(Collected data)
Content starts
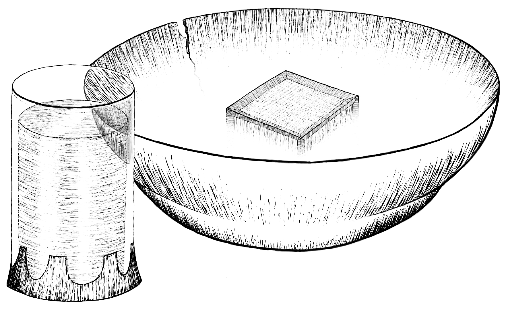 I glanced at a few pictures of bowls and old glasses, but this is mostly just from my head. I'm not too happy with how the "liquor" looks in the glass. I'd also like to have a better way of suggesting the white vapor. I do like the refraction of the bowl's corner in the glass, and the way the cube vanishes.
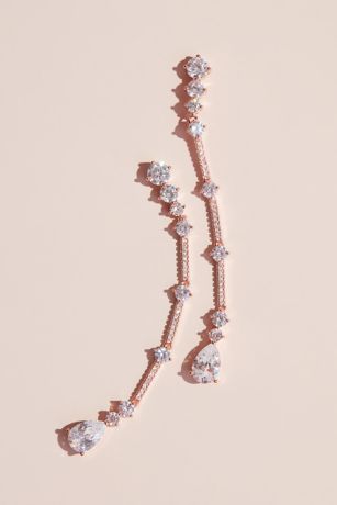 Dangling Cubic Zirconia Bar and Pear Earrings
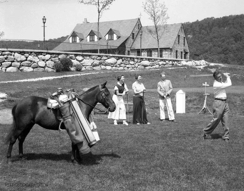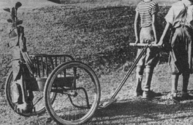 Horses are used to carry golf bags. A cheap and practical option as the only cost was hay. The problem with horses is their tendency to walk off and they made it challenging to keep a good pace on the golf course.
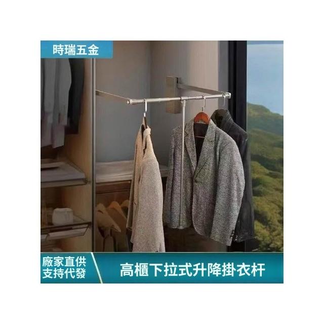 下拉式掛衣桿可伸縮掛衣器 家用下拉拉桿衣帽間柜內緩衝升降掛衣架
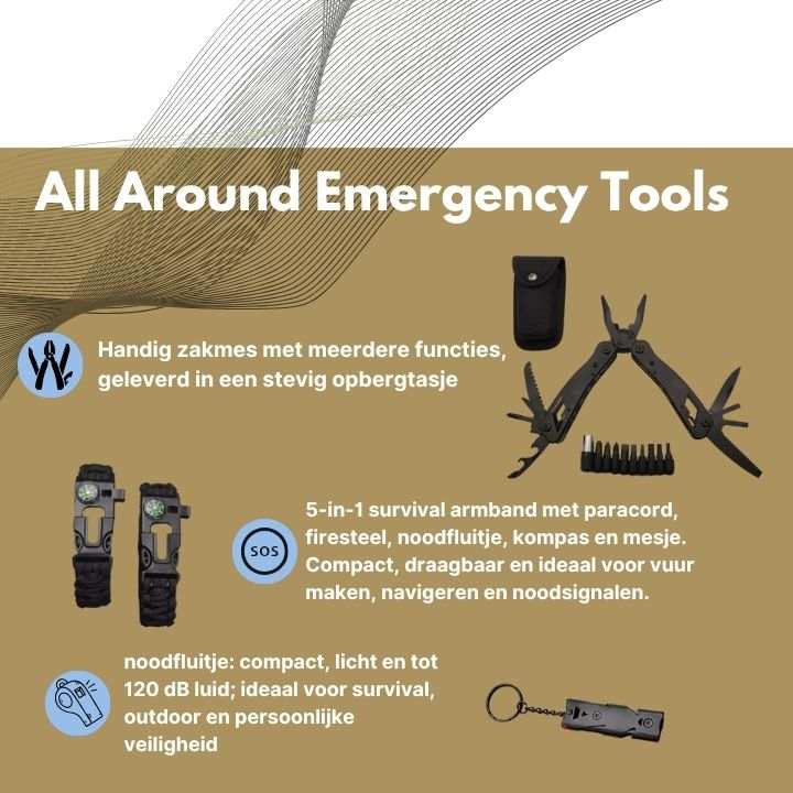 Onvoorziene noodsituaties zijn vaak niet te voorspellen. Een plotselinge stroomstoring, extreem weer of andere noodsituaties kunnen je zonder elektriciteit, schoon drinkwater of communicatiemiddelen laten zitten. Voorbereid zijn maakt het verschil. Dit complete noodpakket bevat alles wat je nodig hebt om veilig, zelfvoorzienend en gerustgesteld te blijven – waar je ook bent.
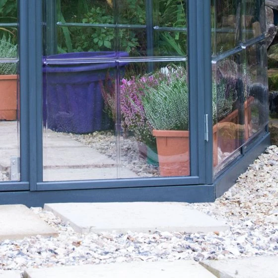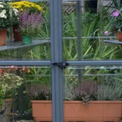 Both types of polycarbonate panel are completely UV-protected, while the roof panels promote an even temperature by increasing thermal insulation and reducing extreme sunlight exposure. This means plants enjoy perfect growing conditions, the gardener remains safe from harmful UV-rays and the panels won’t discolour or fade in the sun. The roof’s pyramid-shaped style adds to this greenhouse’s stunning design and ensures highly effective rainwater runoff.
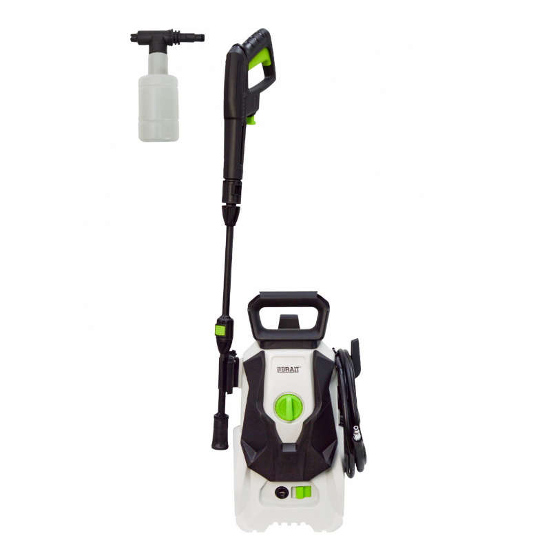 Мойка высокого давления Brait 16.01.012.029, 1400 Вт; 80-110 бар, возможность всасывания воды, 5,5-6,5 л/м, бачок, шланг HPW 1400C
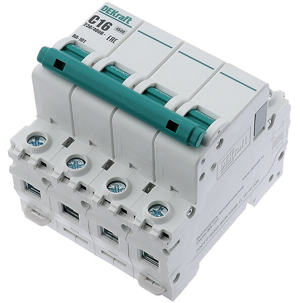 Выключатель автоматический четырехполюсный 16А С ВА-101 4.5кА 11090DEK DEKraft информация:
Content ends
What you will do: Could you set down verbatim the lines from the beginning of the entries above through the line containing "Onvoorziene noodsituaties zijn", both included, leaving out the pictures?

Reply:
 I glanced at a few pictures of bowls and old glasses, but this is mostly just from my head. I'm not too happy with how the "liquor" looks in the glass. I'd also like to have a better way of suggesting the white vapor. I do like the refraction of the bowl's corner in the glass, and the way the cube vanishes.
 Dangling Cubic Zirconia Bar and Pear Earrings
 Horses are used to carry golf bags. A cheap and practical option as the only cost was hay. The problem with horses is their tendency to walk off and they made it challenging to keep a good pace on the golf course.
 下拉式掛衣桿可伸縮掛衣器 家用下拉拉桿衣帽間柜內緩衝升降掛衣架
 Onvoorziene noodsituaties zijn vaak niet te voorspellen. Een plotselinge stroomstoring, extreem weer of andere noodsituaties kunnen je zonder elektriciteit, schoon drinkwater of communicatiemiddelen laten zitten. Voorbereid zijn maakt het verschil. Dit complete noodpakket bevat alles wat je nodig hebt om veilig, zelfvoorzienend en gerustgesteld te blijven – waar je ook bent.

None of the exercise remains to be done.